A Hampshire school has been criticised for losing nearly 20,000 people's personal details. Back in March, Bay House School lost personal details, names, addresses, photographs and some medical information on 7,600 pupils along with details of teachers and parents. In total just under 20,000 people were hit. An administrator …
"improve procedures including encrypting information and separating systems"

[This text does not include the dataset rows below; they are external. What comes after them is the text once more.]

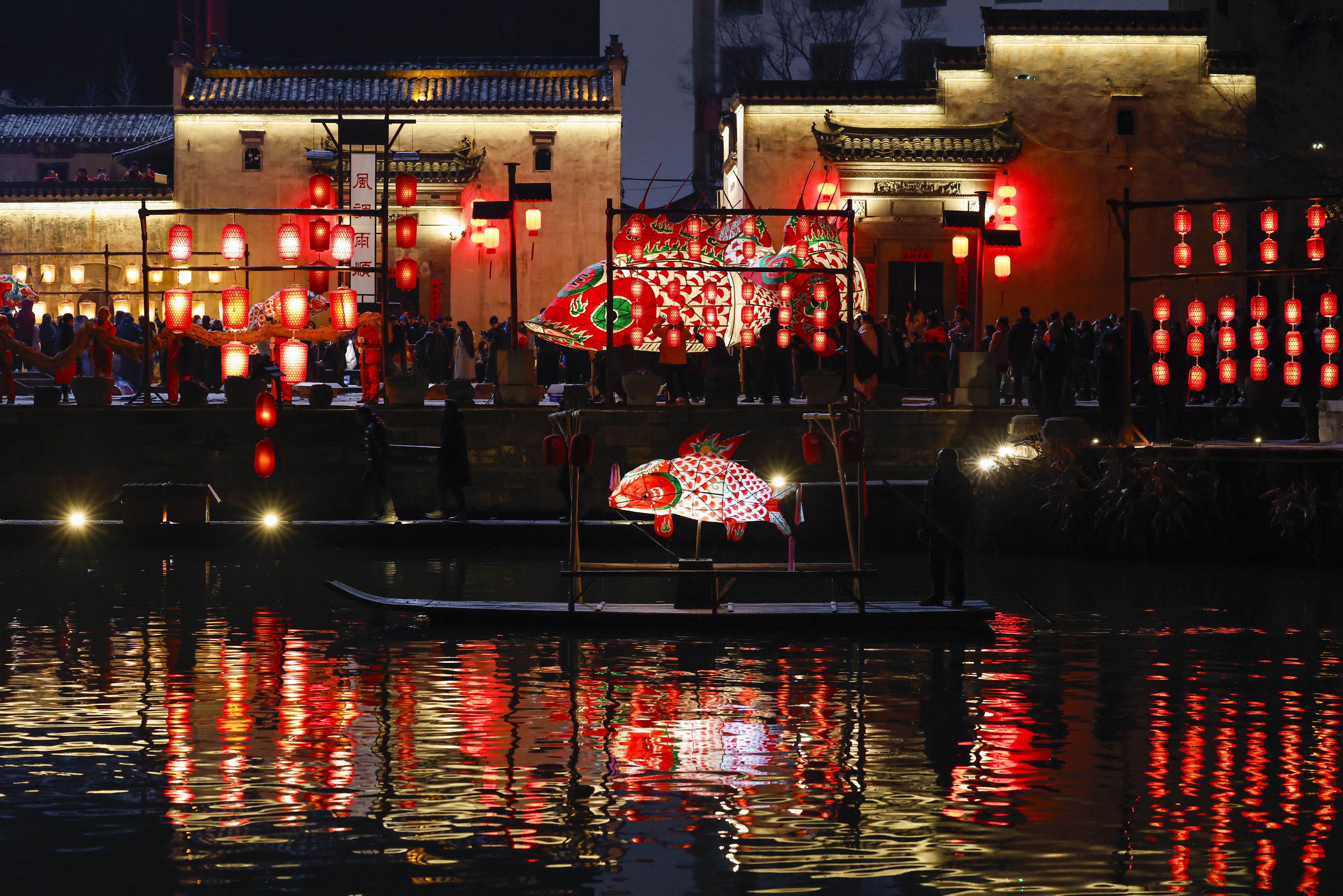 2025年1月15日,魚燈表演隊伍在安徽省黃山市徽州區呈坎村巡遊。CICPHOTO/施亞磊 攝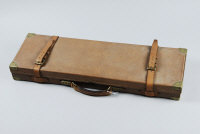 WILLIAM EVANS A BRASSBOUND OAK AND LEATHER GUN CASE with compartment for 28-inch barrels; together with a leather leg-of-mutton case |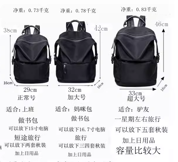 可以放下15寸電腦 可以放下兩套秋裝加上日用品

That's not the issue. This was a PEBKAC.
I foresee more of this happening
with the growth of mobile devices in schools.
...yet another harsh punishement handed out by the ICO. Oh wait.
While were at it, will ranty Derichleau be back on saying how hard public sector is hit by the ICO and the private sector is always let off?
and the pupil was punished ....
No, I doubt it.
If the pupil had had the gumption to pass on that s/he had been able to compromise the security integrity then I would be applauding his/her common sense if being slightly concerned that they had chosen hacking into systems as a recreational activity.
My partner is a schoolteacher. The password on his school laptop is
"password". He says that this is school policy because "the laptops are school property and any teacher can use any laptop".
Our policy is
Share your password with anyone and we break your thumbs.
We have to break more teacher thumbs than pupil thumbs though.
I'd like to see actual punishment for these types of problems.
Too often the "organisation" is "criticised" - big whoop. It should be the individual who is penalised; they are the ones in the position of responsibility to secure and protect the data in their charge.
If you're a sysad and you can't even use a complex password yourself, you don't deserve the job.
Fining places like this (and the NHS, quango's, train companies, etc.) doesn't work, because they just recoup their "loss" through higher fares or taxes...
but it isnt always the sysad. More often it is the SMT. I am forced to give SMT access to some data areas and VPN access that I would prefer not to and I know for a fact their ability to choose passwords is shite.
I block them off as much as I am able but if they ask for something I cannot say no.
I always make sure I document a good password policy and send it around to people every month, not much but it should cover my arse if *they* are the weak links
My sysad passwords are complex enough to keep brute force happy for a few millenia.
I hope the student was disciplined for this.
Hacking the school's website in the first place is arguably a criminal offence (depending on what the student did to 'hack' it).
And one has to wonder how or why a student was able to gain access to the database in question in the first place, regardless of whether they could guess the password. I seriously hope such a database wasn't accessible from the internet. If it was, then the School's IT management should probably also be the target of disciplinary action.
Hacking websites is against the law?
The next time one of mine are hacked im calling the cops.
Ummm, unauthorised access to a protected machine?
Yes, I believe this is _technically_ against the law, in the same way as dropping litter is. I wouldn't expect the cops to give much of a crap about it, but I think there are laws concerning it...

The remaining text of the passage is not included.